• _Data records_:
● ● ● ● ● ● ●

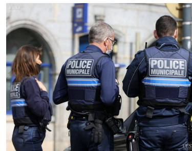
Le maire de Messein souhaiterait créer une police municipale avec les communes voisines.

● ● ● ● ● ● ●

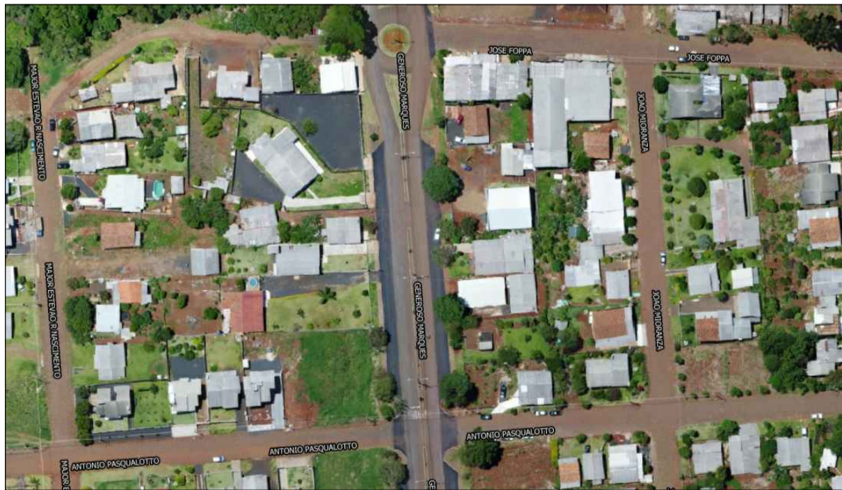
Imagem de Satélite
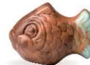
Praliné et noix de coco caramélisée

● ● ● ● ● ● ●

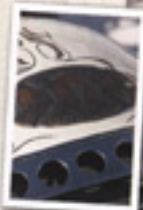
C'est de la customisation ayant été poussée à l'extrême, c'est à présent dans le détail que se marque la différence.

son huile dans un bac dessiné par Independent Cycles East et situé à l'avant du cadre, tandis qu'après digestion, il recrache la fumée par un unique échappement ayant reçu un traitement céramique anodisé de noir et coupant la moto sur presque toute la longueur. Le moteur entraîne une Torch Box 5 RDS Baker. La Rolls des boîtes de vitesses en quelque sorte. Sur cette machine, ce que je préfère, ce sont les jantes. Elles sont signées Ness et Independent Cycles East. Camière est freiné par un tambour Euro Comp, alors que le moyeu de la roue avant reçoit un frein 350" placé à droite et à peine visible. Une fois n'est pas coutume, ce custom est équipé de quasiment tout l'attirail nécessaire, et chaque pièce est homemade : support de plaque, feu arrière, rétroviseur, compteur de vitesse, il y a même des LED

● ● ● ● ● ● ●

• _Work required_:
Say how many lines in the records above hold "dans", and give no other text.

• _Task answer_:
2